(Records from a data source)
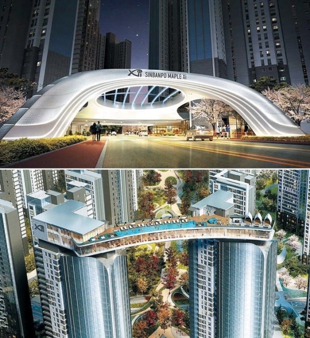 반포 메이플자이 건축은 매우 특이합니다. 사진에 보이다시피 한강을 구경할 수 있는
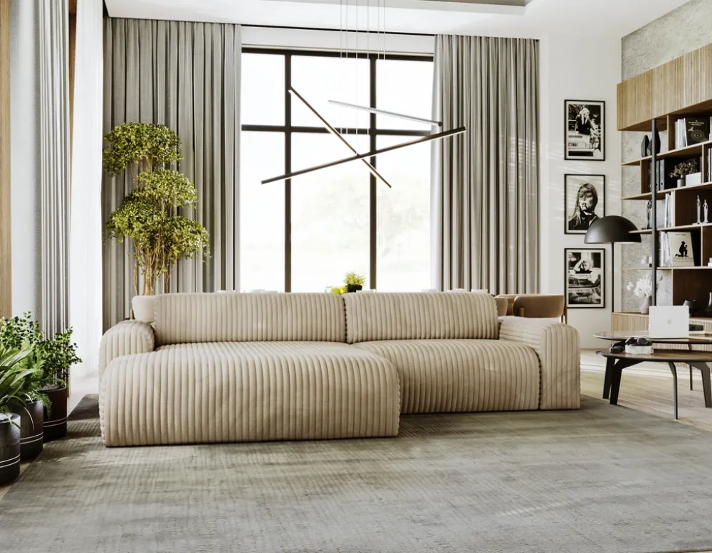 - Nowoczesny narożnik sztruksowy do salonu SEFO. Narożnik zaskoczy Cię wyjątkowym designem oraz wysokim komfortem. W siedzisku zastosowano piankę odporną na odkształcenia oraz sprężyny faliste. Narożnik obity futrową tkaniną Vito.
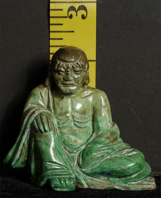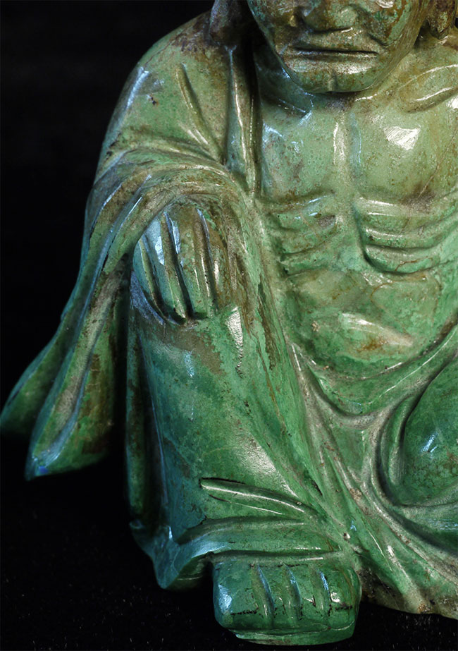 Antique Chinese malachite and azurite lohan. From a Carmel California estate. Amazing piece of stone. Sits 2.25 inches tall, 2.5 inches at widest point.
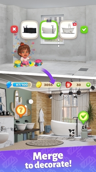 合并房屋破解版是一款模拟装修合并类手游,而该版则是无限货币破解版,可以让玩家在游玩时获取无限货币,轻松购买升级,为你带来更加轻松的游戏体验!同时游戏采用卡通画风绘制,玩法相当丰富,拥有超多关卡可供玩家进行挑战,自由合并组成全新物品,且随着完成关卡,还能获取丰富的奖励,自由改装房屋,享受装扮乐趣!
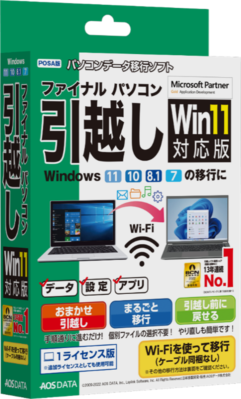 AOSデータ社、国内累計販売本数No.1 パソコンデータ移行ソフト「ファイナルパソコン引越しWin11対応版(POSA)」を発売開始
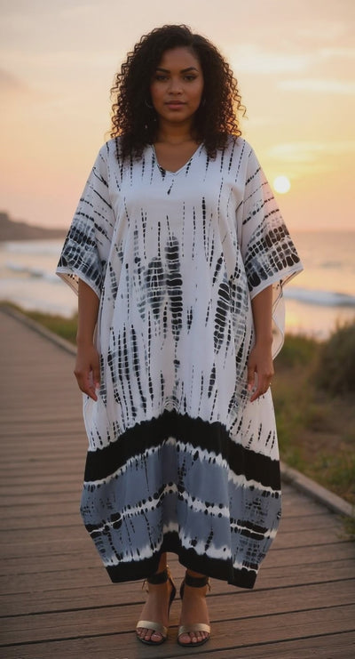 Discover the perfect fit in our collection of Tie Dye Printed Black Polyester Kaftans tailored for plus size women. Elevate your style with our fashionable options!
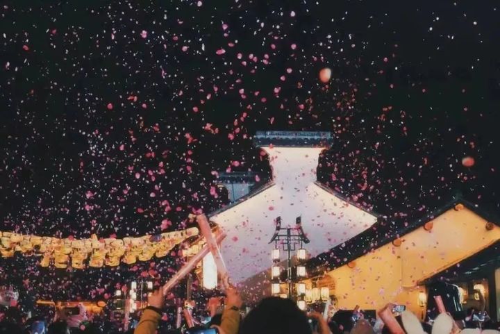 造雪機噴出洋洋灑灑的“今冬雪”,身著漢服,雲鬢花顏的遊客提燈映雪,一如回到落雪的千年前。
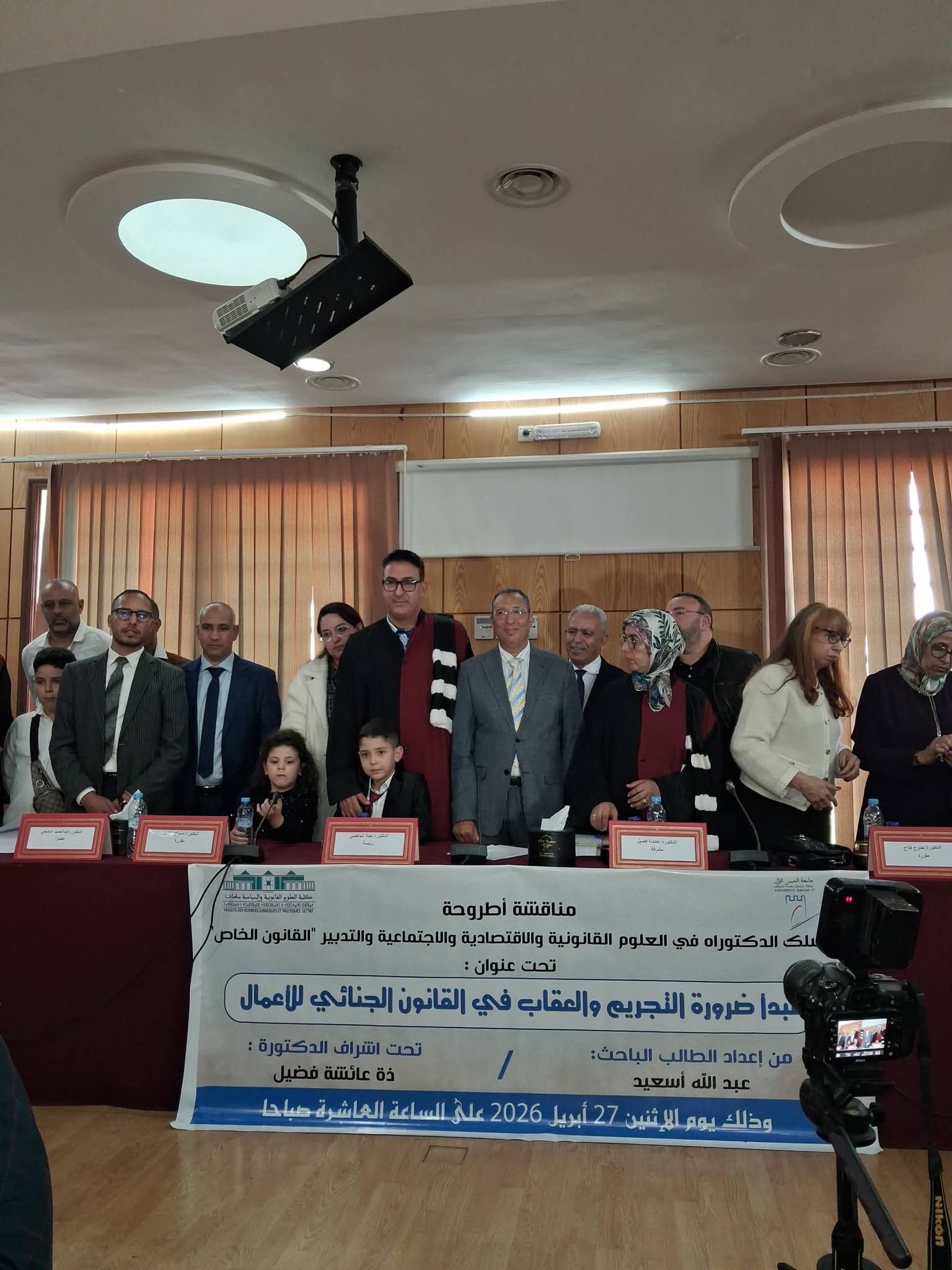 شهدت ، يوم الإثنين 27 أبريل 2026، مناقشة أطروحة دكتوراه متميزة في شعبة العلوم القانونية والاقتصادية والاجتماعية والتدبير، تخصص القانون الخاص، تقدم بها الأستاذ عبد الله اسعيد، قاضي التحقيق بـ، تحت عنوان: “مبدأ ضرورة التجريم والعقاب في القانون الجنائي للأعمال”.
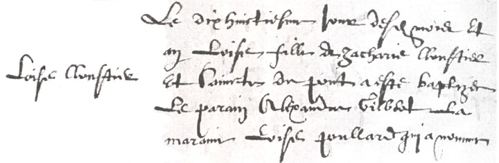 Remarques : Les actes de ses frères et soeurs sont à Mortagne-au-Perche (St-Jean) : Zacharie, b. 16-08-1617 ; Jean, b. 13-05-1620 ; Sainte, b. 01-11-1622, inh. 19-09-1632 ; Anne, b. 19-01-1626 ; Charles, b. 03-05-1629. Elle est arrivée au pays, avec sa mère sa soeur et ses deux frères Charles et Jean, en 1635 ou 1636.
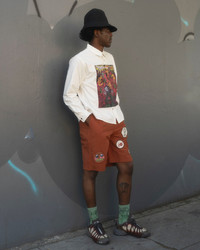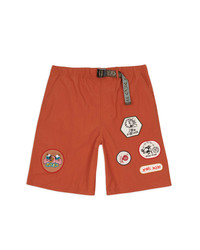 DETAILS Our nylon baggy climber shorts with custom Brain Dead belt webbing and embroidered felt artwork patches on both legs. Features an embroidered feet patch for added detail. Designed with a 9 3/4" inseam for a relaxed fit. Material: 100% Nylon Color: Rust
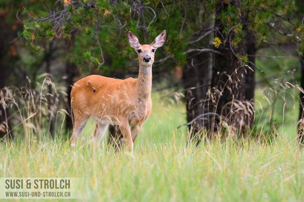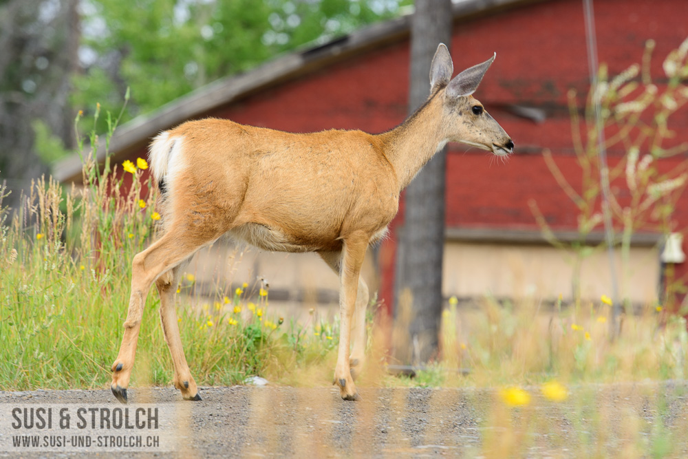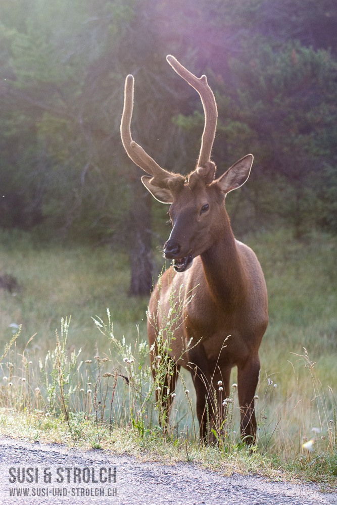 Völlig geflasht von diesem Erlebnis 😀 spazierten wir zurück zum Parkplatz, gönnten uns noch ein Mittagessen im Restaurant (inzwischen doch sehr voll mit Touris) und fuhren dann zurück zu unserer Hütte. Das Wetter war leider wieder mies und es regnete, so dass wir die weiteren Pläne für heute über den Haufen werfen mussten. Nach dem Abendessen (wieder Steak vom eigenen Grill) machten wir noch eine Autofahrt gen Norden, abgesehen von drei scheuen Mule Deers und einem Wapiti aus der Ferne sahen wir aber leider keine Tiere…
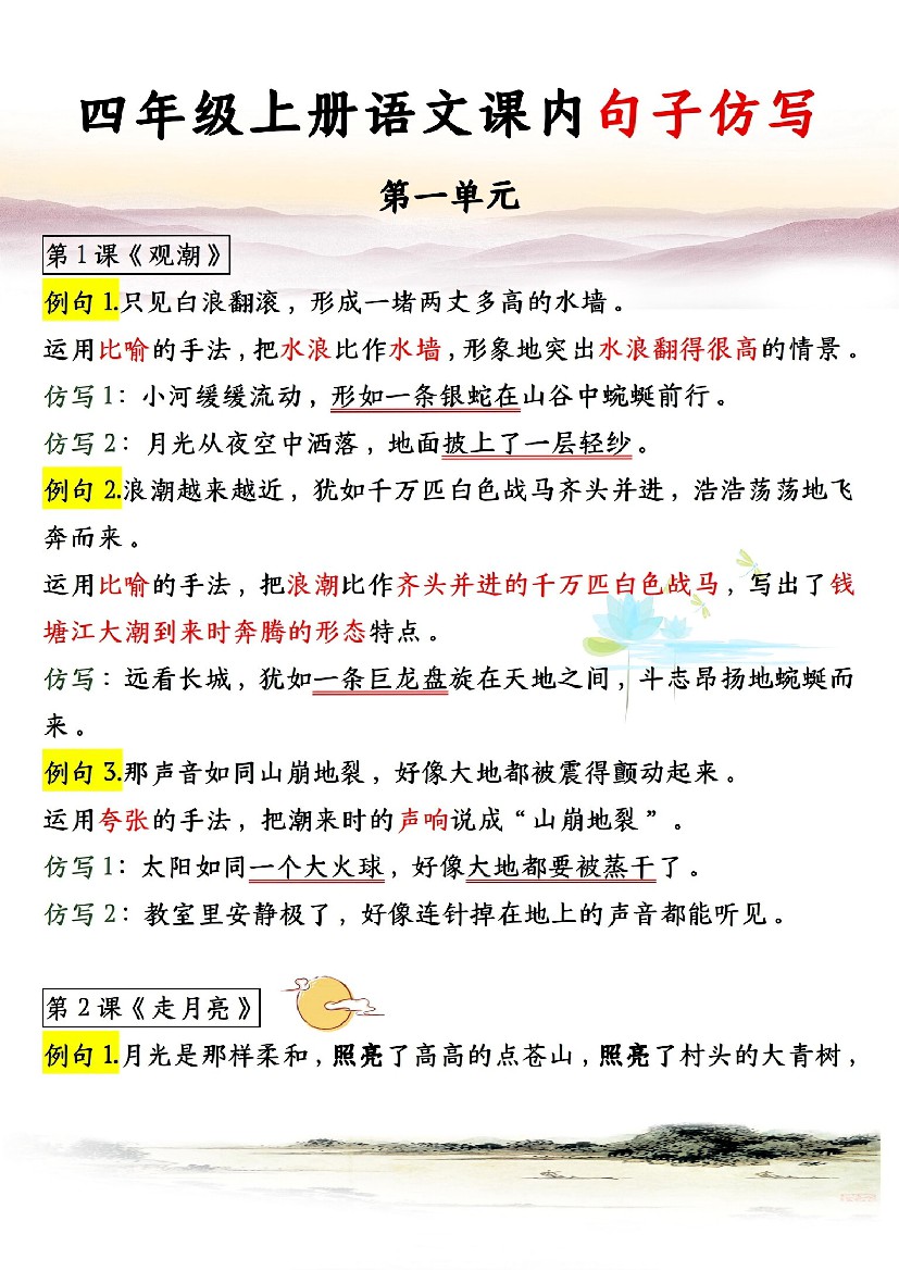 四(上)语文每课课内句子仿写
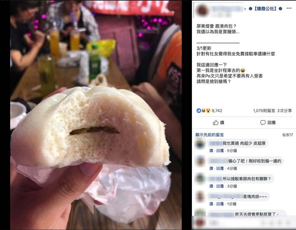 據報道,近日一位臺灣網友在臉書上發布了一張肉包子照片,只見一口下去,肉包子的餡用“一線天”來形容最恰當不過,該名網友諷刺說,“屏東燈會鹿港肉包,我還以為我買的是饅頭”。
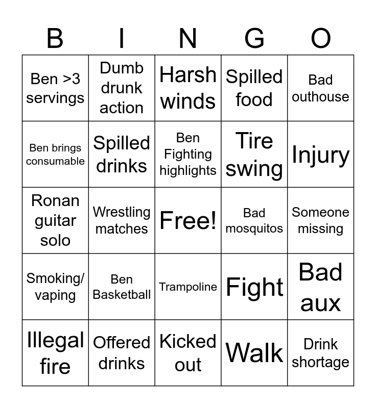 This bingo card has a free space and 24 words: Ben Basketball, Offered drinks, Ben Fighting highlights, Illegal fire, Bad outhouse, Ben >3 servings, Ben brings consumable, Dumb drunk action, Bad mosquitos, Trampoline, Tire swing, Ronan guitar solo, Fight, Bad aux, Spilled drinks, Walk, Someone missing, Harsh winds, Injury, Wrestling matches, Drink shortage, Smoking/ vaping, Spilled food and Kicked out.
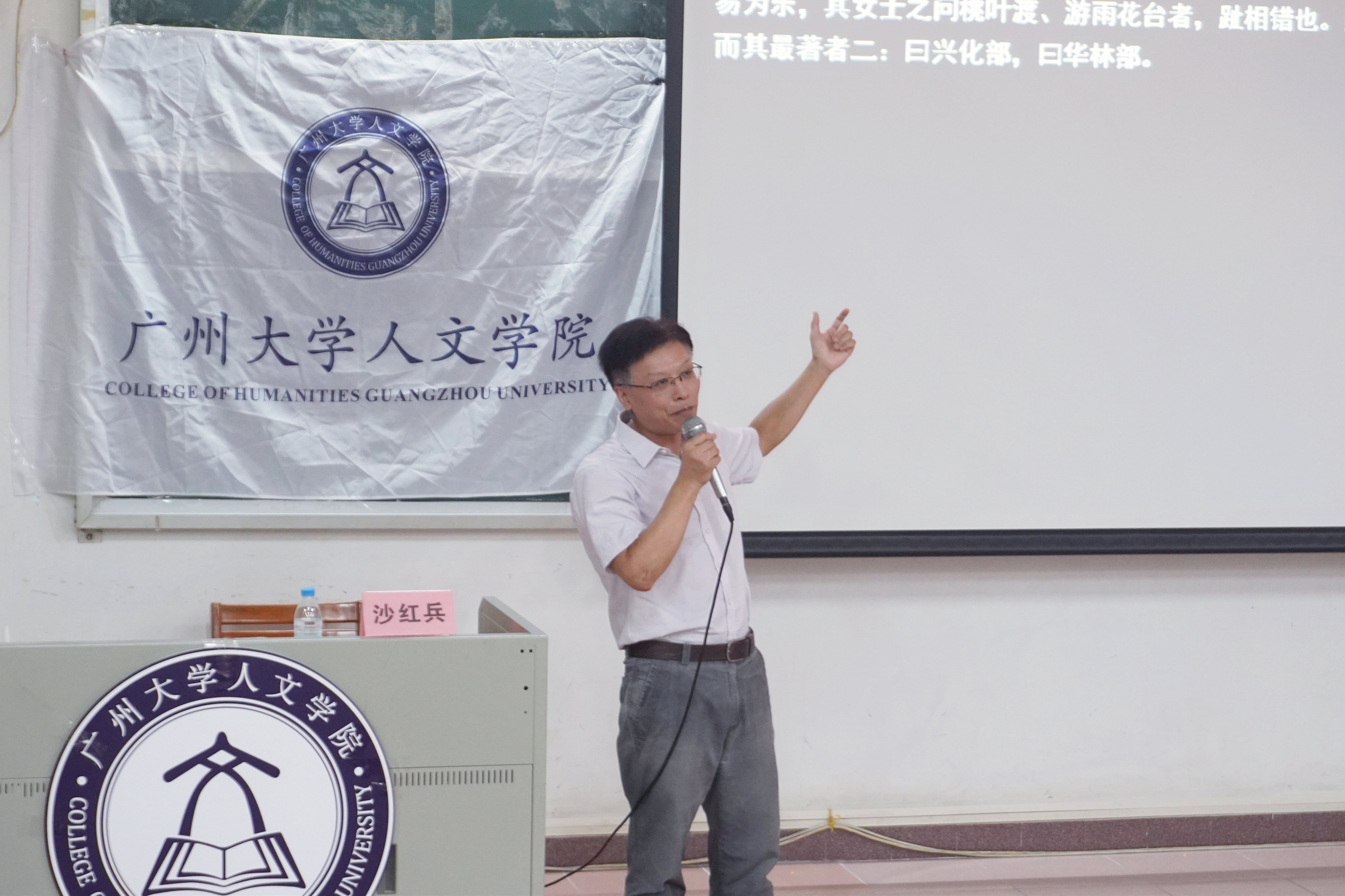 “最受学生欢迎的老师”沙红兵教授带来了主题为《从<语文>到“人文”》的名师第一讲。沙教授结合与专业相关的书籍知识,通过幽默风趣的语言向同学们介绍古文内容,同学们都被沙红兵教授的讲课方式所吸引,现场不由传出阵阵欢声。

## Exercise brief
Above are entries with pictures among them. Write out exactly the lines from the one containing "合并房屋破解版是一款模拟装修" through the one containing "AOSデータ社、国内累計販売", ends included, and leave those pictures out.

## Solution to this task
 合并房屋破解版是一款模拟装修合并类手游,而该版则是无限货币破解版,可以让玩家在游玩时获取无限货币,轻松购买升级,为你带来更加轻松的游戏体验!同时游戏采用卡通画风绘制,玩法相当丰富,拥有超多关卡可供玩家进行挑战,自由合并组成全新物品,且随着完成关卡,还能获取丰富的奖励,自由改装房屋,享受装扮乐趣!
 AOSデータ社、国内累計販売本数No.1 パソコンデータ移行ソフト「ファイナルパソコン引越しWin11対応版(POSA)」を発売開始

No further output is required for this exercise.